Unless the vehicle in question is a survivor, a shiny car is a winning car. What does it take to get a car to look like it came out of a showroom? It isn’t about which products are used but how they are used: it takes several steps and a lot of time to bring surfaces back to life.
While a daily driver may simply want their car washed, the show car owner will want interior and exterior detailing, which centers on three processes: cleaning, polishing and protecting.
Cleaning should be done in stages from the dirtiest jobs and harshest chemicals to the cleanest and gentlest. Start with engine degreasing and wheel cleaning, and then move onto washing, polishing and waxing.

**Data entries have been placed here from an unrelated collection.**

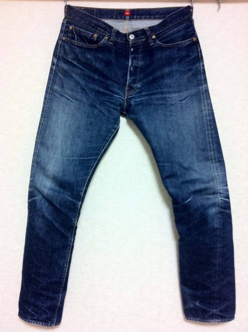フロントボタンや耳のアタリが見事です。ふくらはぎが、不思議な色落ちをしていますね!?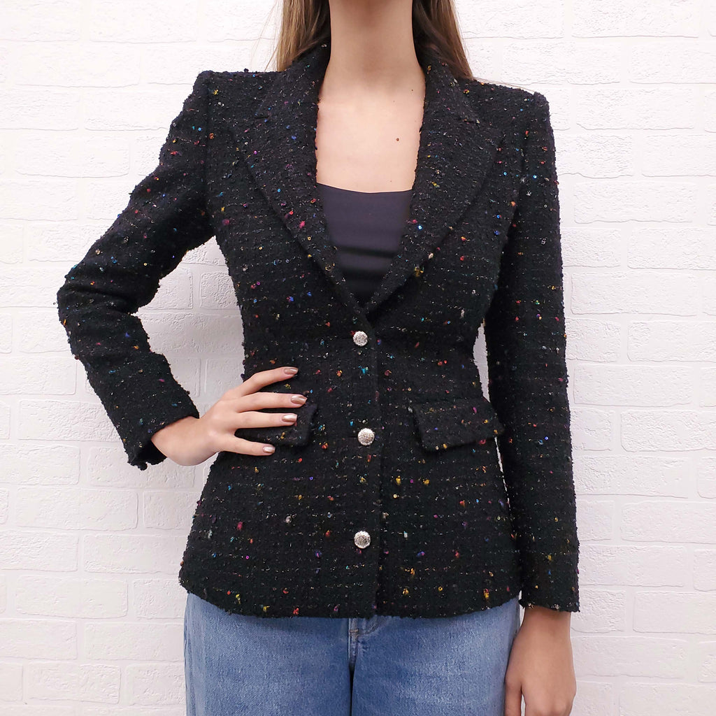 ALESSANDRA RICH BLACK AND MULTI-COLOUR TWEED SEQUIN JACKET - SIZE 38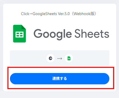 『ClickデータベースからGoogleスプレッドシート』を選択し、〔連携する〕をクリックしてください。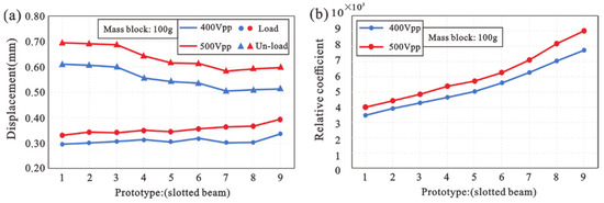 As an elastic element, a slotted beam forms a spring damping system with the pump body, so the stiffness of the slotted beam is an important factor. The structure of the slotted beam can make the beam have significant deformation and elasticity. Nine kinds of slotted beams with different stiffnesses (Table 1) are designed for comparison. The output amplitude of the vibrator under unload and load is studied, and the experimental results are shown in Figure 8a. When the vibrator is unloaded, the displacement decreases gradually with the stiffness coefficient. When the vibrator is loaded (driving fluid), the displacement increases gradually with the stiffness coefficient. Therefore, with the increase in stiffness coefficient, the displacement difference between unload and load becomes smaller. This is reflected in the increasing ability of the vibrator to overcome liquid resistance. According to Equation (6), Matlab/Simulink analysis is carried out when the driving voltage and equivalent mass remain unchanged. The stiffness and amplitude are variables, and the inertial output force is a dependent variable. An output inertial force coefficient R is obtained through calculation. As shown in Figure 8b, the output inertial force gradually increases with stiffness. Compared with the experimental phenomenon, it is proven.

To prevent swirled and scratches when washing a car, it’s critical to keep debris off of the sponge. Use a dedicated rinse bucket to clean the sponge before reapplying soap. If the sponge is dropped onto the ground, throw it out.
Paint condition is easy to overlook, but it has a big impact on the final result. Clay bars are the best way to remove oxidation, but the surface has to be carefully lubricated. Polish-like products can get similar results and can be applied just like wax. When working with antique paint jobs, this step should be done before polishing to return flexibility back to the paint. Otherwise, the polish will remove far more paint than it should and could damage the paint job.
Wax protects painted parts, but it can also get that last bit of shine. Finishing with a microfiber cloth will get rid of any fine imperfections for the best appearance.
Amateurs often apply thick layer of protectant, which will make the car look shiny for a short time. However, a combination of dressings, cleaners and protectants needs to be used to get the best result. The appearance of an interior depends on the first two by revitalizing the materials, while a thin layer of protectant shields the materials from UV damage. Leather should never look shiny as a shiny surface means the pores of the skin are clogged and dirty.
When cleaning windows, wipe in one direction on the outside and a different direction on the inside. This makes it easy to tell which side of the glass the streaks are on.
Finishing Touches At the Show
A quick detailer is a must-have for spray and wipe removal of any grime left from the road. It’s also a good idea to apply a final layer of tire dressing once the wheels no longer have to turn to get that last bit of cleanliness.